I think that's where the idea that Fe is "fake" comes from: Fi sees Fe as a social chameleon, and assumes that they simply go along with what everyone else is thinking/doing, and has no inner substance. You start to wonder, do they really agree with me, or are they simply being polite? It's how people are in the American south, with their "Bless your heart." 

Perhaps some Fi types are irked by someone assuming they understand them (perhaps better than they understand themselves), because, really, can you really know with 100% accuracy what someone has been through, is experiencing, etc. unless you are them?


----------



## perpetuallyreticent (Sep 24, 2014)

WamphyriThrall said:


> Perhaps some Fi types are irked by someone assuming they understand them (perhaps better than they understand themselves), because, really, can you really know with 100% accuracy what someone has been through, is experiencing, etc. unless you are them?


If you're a mind reader, maybe. But otherwise, no. :tongue:


----------



## perpetuallyreticent (Sep 24, 2014)

thisgirl said:


> *I've always thought that harmony is a value. Fi and Fe both value harmony* but for different reason?

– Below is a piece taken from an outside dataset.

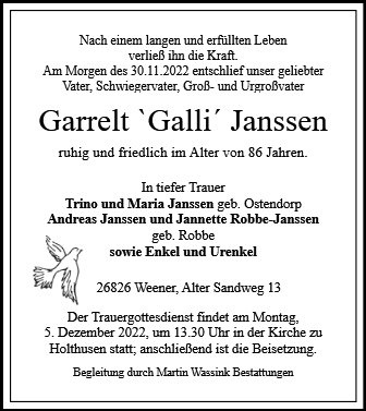 gestorben am 30. November 2022 in Weener
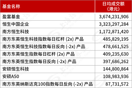 紧随其后的是公募香港子公司旗下的几只ETF,南方恒生科技日均成交额达到11.73亿港元,南方东英恒生科技指数每日杠杆(2x)产品、南方东英恒生科技指数每日反向(-2x)产品等4只产品的日均成交额也都超过1亿港元。

That in itself seems kind of redundant to me.


----------



## WamphyriThrall (Apr 11, 2011)

thisgirl said:


> As an Fe-aux, if Fi tries tells me that I need to be "myself" how do you know I'm not being myself? When an Fi tells me I'm being emotional dishonest, how do you know I'm being dishonest? The funny thing is both Fe and Fi judge each other. IME I feel judged and misunderstood when Fi make the claim (based on assumption) that Fe are disingenuous because of a, b, c...I personally hate the accusation without the facts being checked. By that, it is simply asking for clarity. I have a lot of Fi-friends and most of my family members are Fi. I like them a lot. I'm learning but I will not hesitate to put my foot down, to rock the boat if necessary. I think proximity determines if you see my rawness or not, and if you are on the outside, it is easier to make that judgment.
> 
> 
> 
> ...


That's the thing: Fi doesn't presume to "know" anything. It's an assumption. Judging functions do just that, and in this case, it's how Fe comes across to a Fi user's value system. 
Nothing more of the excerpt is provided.